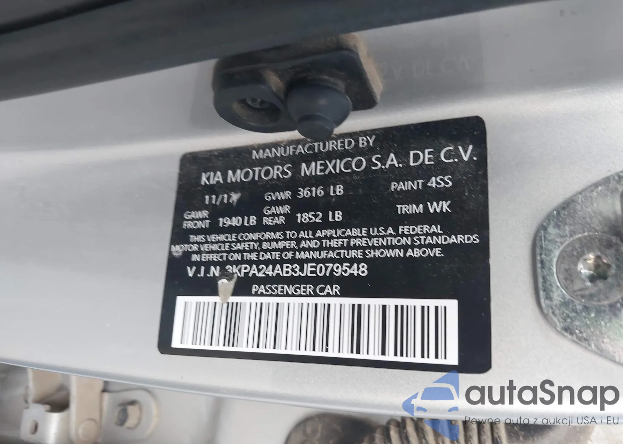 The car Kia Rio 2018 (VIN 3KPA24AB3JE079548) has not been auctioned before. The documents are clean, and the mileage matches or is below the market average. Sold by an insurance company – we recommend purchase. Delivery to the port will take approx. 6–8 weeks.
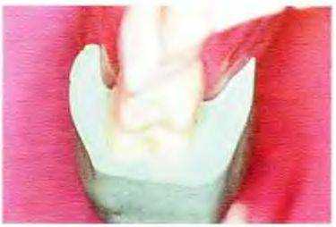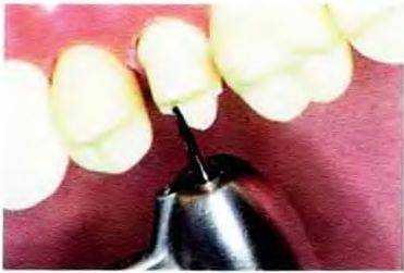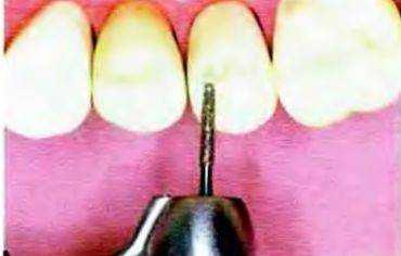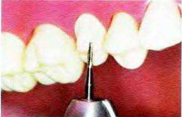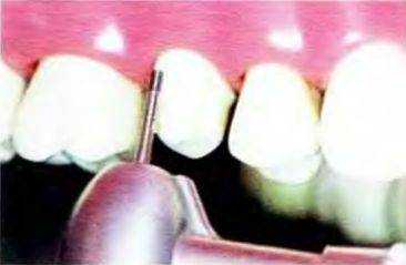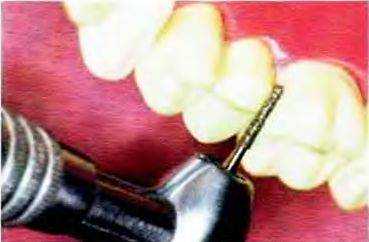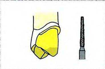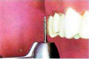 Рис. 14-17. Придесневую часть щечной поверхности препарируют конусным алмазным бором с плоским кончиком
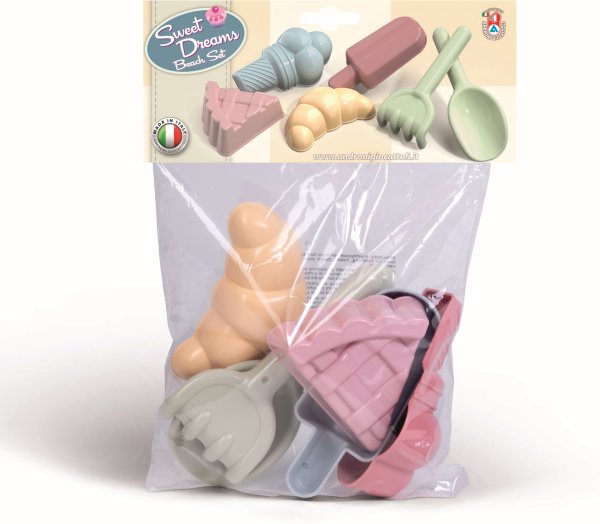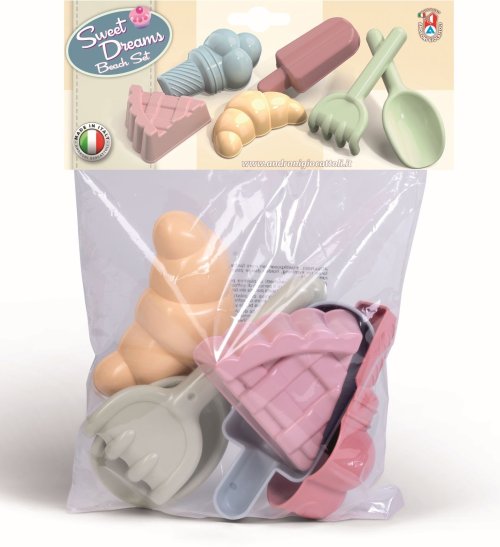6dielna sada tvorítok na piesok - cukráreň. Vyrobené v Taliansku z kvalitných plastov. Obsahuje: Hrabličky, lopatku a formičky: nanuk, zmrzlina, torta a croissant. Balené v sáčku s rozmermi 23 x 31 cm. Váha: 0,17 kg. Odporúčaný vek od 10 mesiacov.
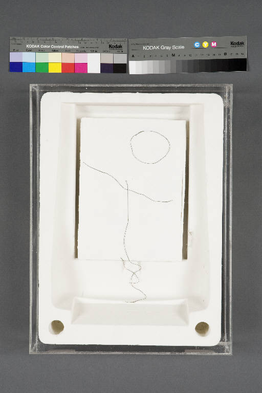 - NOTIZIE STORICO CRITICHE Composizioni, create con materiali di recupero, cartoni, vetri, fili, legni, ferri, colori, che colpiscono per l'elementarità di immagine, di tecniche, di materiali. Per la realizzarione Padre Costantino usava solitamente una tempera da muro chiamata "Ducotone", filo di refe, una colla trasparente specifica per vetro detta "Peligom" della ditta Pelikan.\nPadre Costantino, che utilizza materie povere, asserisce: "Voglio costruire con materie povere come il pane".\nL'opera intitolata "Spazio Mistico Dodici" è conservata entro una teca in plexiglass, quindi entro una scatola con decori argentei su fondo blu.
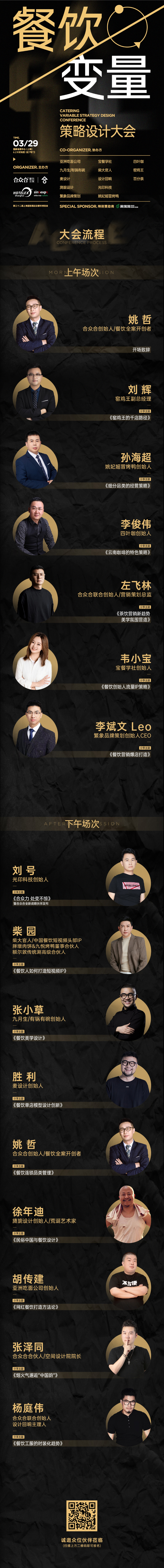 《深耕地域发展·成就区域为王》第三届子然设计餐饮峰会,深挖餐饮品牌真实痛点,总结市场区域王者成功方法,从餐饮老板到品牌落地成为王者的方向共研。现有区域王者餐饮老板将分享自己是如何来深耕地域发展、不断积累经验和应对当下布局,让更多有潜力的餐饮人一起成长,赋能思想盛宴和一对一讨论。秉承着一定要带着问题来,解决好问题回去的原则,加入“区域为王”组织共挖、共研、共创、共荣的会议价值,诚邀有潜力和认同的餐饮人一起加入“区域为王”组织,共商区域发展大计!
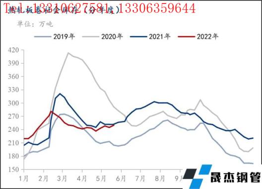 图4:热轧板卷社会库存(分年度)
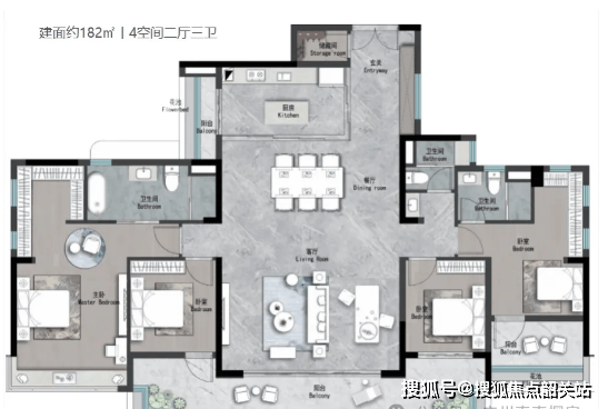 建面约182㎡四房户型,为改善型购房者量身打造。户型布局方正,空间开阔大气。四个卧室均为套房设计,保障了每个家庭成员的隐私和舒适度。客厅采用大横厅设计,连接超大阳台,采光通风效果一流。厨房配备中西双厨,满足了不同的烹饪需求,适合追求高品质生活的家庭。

» **Exercise details**:
Working from the lines above, reproduce the material exactly and exclude its pictures.

» **Exercise response**:
 The car Kia Rio 2018 (VIN 3KPA24AB3JE079548) has not been auctioned before. The documents are clean, and the mileage matches or is below the market average. Sold by an insurance company – we recommend purchase. Delivery to the port will take approx. 6–8 weeks.
 Рис. 14-17. Придесневую часть щечной поверхности препарируют конусным алмазным бором с плоским кончиком
6dielna sada tvorítok na piesok - cukráreň. Vyrobené v Taliansku z kvalitných plastov. Obsahuje: Hrabličky, lopatku a formičky: nanuk, zmrzlina, torta a croissant. Balené v sáčku s rozmermi 23 x 31 cm. Váha: 0,17 kg. Odporúčaný vek od 10 mesiacov.
 - NOTIZIE STORICO CRITICHE Composizioni, create con materiali di recupero, cartoni, vetri, fili, legni, ferri, colori, che colpiscono per l'elementarità di immagine, di tecniche, di materiali. Per la realizzarione Padre Costantino usava solitamente una tempera da muro chiamata "Ducotone", filo di refe, una colla trasparente specifica per vetro detta "Peligom" della ditta Pelikan.\nPadre Costantino, che utilizza materie povere, asserisce: "Voglio costruire con materie povere come il pane".\nL'opera intitolata "Spazio Mistico Dodici" è conservata entro una teca in plexiglass, quindi entro una scatola con decori argentei su fondo blu.
 《深耕地域发展·成就区域为王》第三届子然设计餐饮峰会,深挖餐饮品牌真实痛点,总结市场区域王者成功方法,从餐饮老板到品牌落地成为王者的方向共研。现有区域王者餐饮老板将分享自己是如何来深耕地域发展、不断积累经验和应对当下布局,让更多有潜力的餐饮人一起成长,赋能思想盛宴和一对一讨论。秉承着一定要带着问题来,解决好问题回去的原则,加入“区域为王”组织共挖、共研、共创、共荣的会议价值,诚邀有潜力和认同的餐饮人一起加入“区域为王”组织,共商区域发展大计!
 图4:热轧板卷社会库存(分年度)
 建面约182㎡四房户型,为改善型购房者量身打造。户型布局方正,空间开阔大气。四个卧室均为套房设计,保障了每个家庭成员的隐私和舒适度。客厅采用大横厅设计,连接超大阳台,采光通风效果一流。厨房配备中西双厨,满足了不同的烹饪需求,适合追求高品质生活的家庭。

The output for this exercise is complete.